» Exercise requirements: Give again, unaltered, the line with "Specimens used for" and all lines that follow it in the listing below, minus any pictures.

» Raw data:
-=-=-=-=-

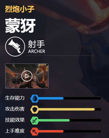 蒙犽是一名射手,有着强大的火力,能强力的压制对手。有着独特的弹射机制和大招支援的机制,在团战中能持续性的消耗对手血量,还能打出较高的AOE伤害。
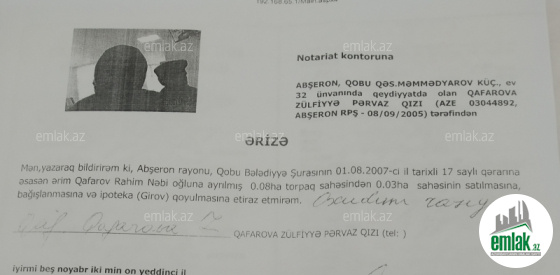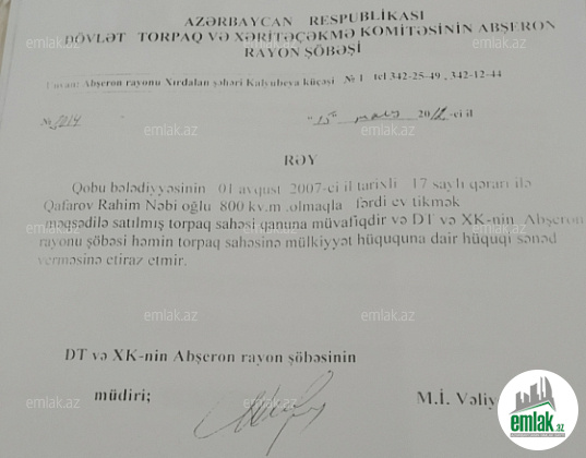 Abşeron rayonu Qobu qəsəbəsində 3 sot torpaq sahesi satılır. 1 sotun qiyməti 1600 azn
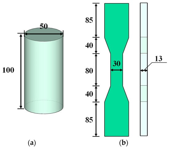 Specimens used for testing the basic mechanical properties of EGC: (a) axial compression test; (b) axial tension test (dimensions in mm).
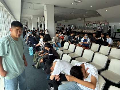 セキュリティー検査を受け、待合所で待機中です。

-=-=-=-=-

» Task output:
 Specimens used for testing the basic mechanical properties of EGC: (a) axial compression test; (b) axial tension test (dimensions in mm).
 セキュリティー検査を受け、待合所で待機中です。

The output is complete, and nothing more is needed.